Copying exactly, give the lines in the material below from the one with "スプリング 春物 8884117351172214" to the one with "En el municipio", ends included, and nothing besides.
---------- DATA FOR REVIEW
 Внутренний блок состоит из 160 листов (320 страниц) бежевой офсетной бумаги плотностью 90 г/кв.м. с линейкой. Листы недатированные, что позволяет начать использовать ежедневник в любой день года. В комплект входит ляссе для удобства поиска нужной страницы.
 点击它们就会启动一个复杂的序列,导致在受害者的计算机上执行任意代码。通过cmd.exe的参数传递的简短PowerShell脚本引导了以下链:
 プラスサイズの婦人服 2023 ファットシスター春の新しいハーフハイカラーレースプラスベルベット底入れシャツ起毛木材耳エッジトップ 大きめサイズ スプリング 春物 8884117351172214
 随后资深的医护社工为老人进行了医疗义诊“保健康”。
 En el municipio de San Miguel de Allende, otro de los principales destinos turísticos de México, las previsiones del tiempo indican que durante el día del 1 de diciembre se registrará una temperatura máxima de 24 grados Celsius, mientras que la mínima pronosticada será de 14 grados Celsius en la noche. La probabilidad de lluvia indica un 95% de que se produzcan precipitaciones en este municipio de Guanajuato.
--------------------
---------- DATA FOR REVIEW
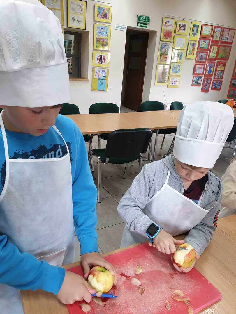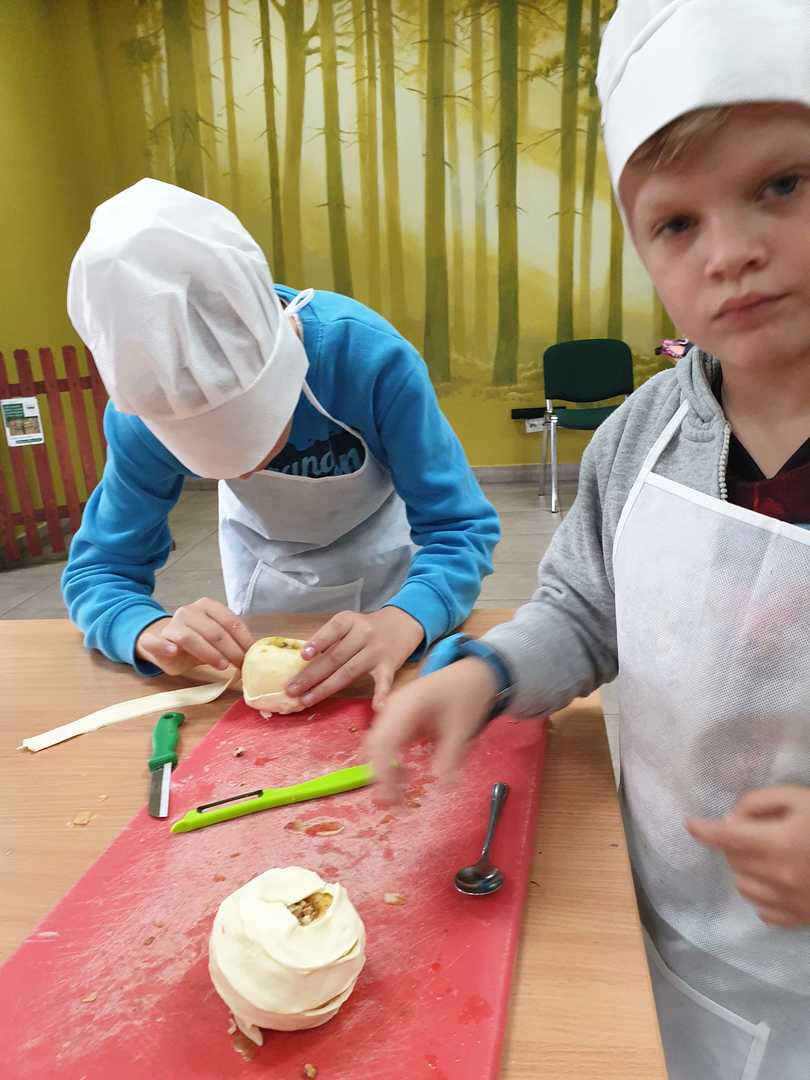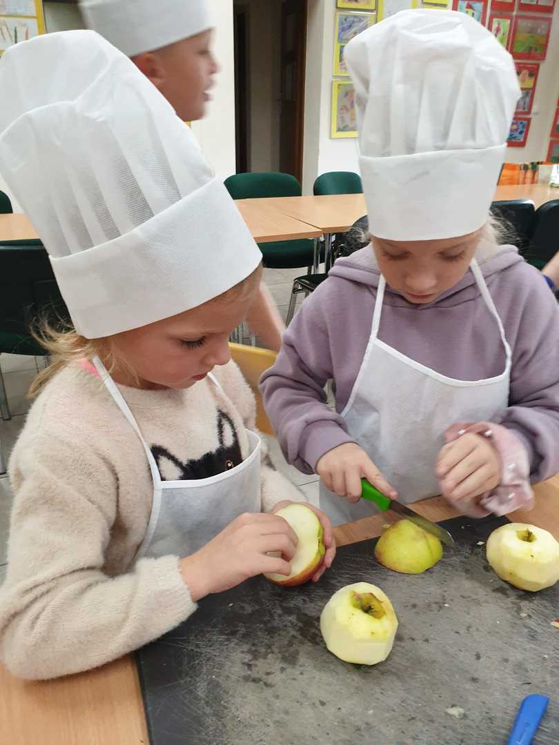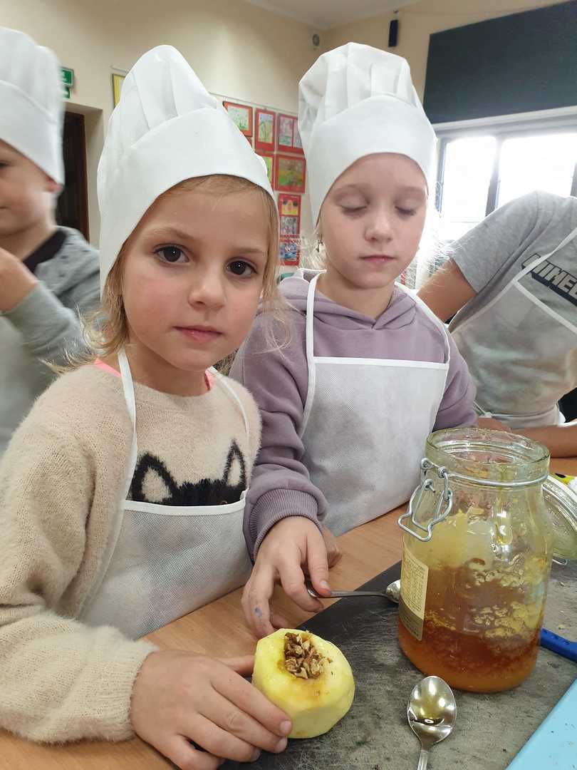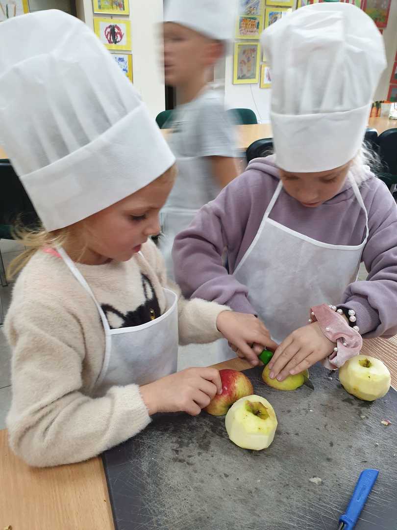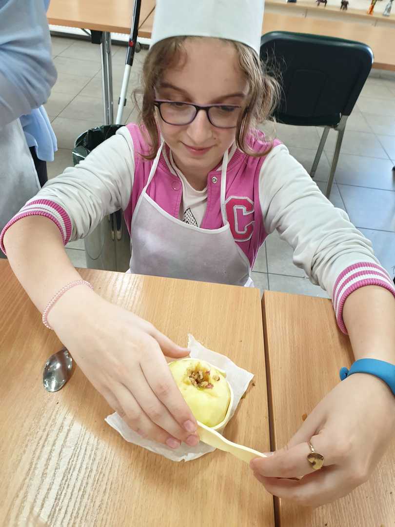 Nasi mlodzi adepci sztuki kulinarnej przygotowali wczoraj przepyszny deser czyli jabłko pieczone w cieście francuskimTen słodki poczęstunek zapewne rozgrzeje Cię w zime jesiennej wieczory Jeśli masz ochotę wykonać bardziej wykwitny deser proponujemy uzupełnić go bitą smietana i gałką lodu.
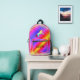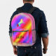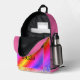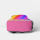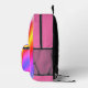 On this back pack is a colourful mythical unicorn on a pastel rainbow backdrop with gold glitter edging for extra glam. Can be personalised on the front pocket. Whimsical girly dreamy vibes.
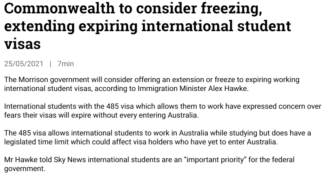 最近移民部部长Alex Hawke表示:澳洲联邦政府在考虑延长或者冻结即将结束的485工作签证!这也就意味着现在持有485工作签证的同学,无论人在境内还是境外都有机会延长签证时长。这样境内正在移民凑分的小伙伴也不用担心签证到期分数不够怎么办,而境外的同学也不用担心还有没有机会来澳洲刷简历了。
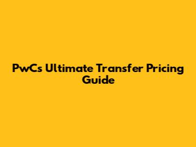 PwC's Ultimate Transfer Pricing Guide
--------------------
EXERCISE OUTPUT =>
 プラスサイズの婦人服 2023 ファットシスター春の新しいハーフハイカラーレースプラスベルベット底入れシャツ起毛木材耳エッジトップ 大きめサイズ スプリング 春物 8884117351172214
 随后资深的医护社工为老人进行了医疗义诊“保健康”。
 En el municipio de San Miguel de Allende, otro de los principales destinos turísticos de México, las previsiones del tiempo indican que durante el día del 1 de diciembre se registrará una temperatura máxima de 24 grados Celsius, mientras que la mínima pronosticada será de 14 grados Celsius en la noche. La probabilidad de lluvia indica un 95% de que se produzcan precipitaciones en este municipio de Guanajuato.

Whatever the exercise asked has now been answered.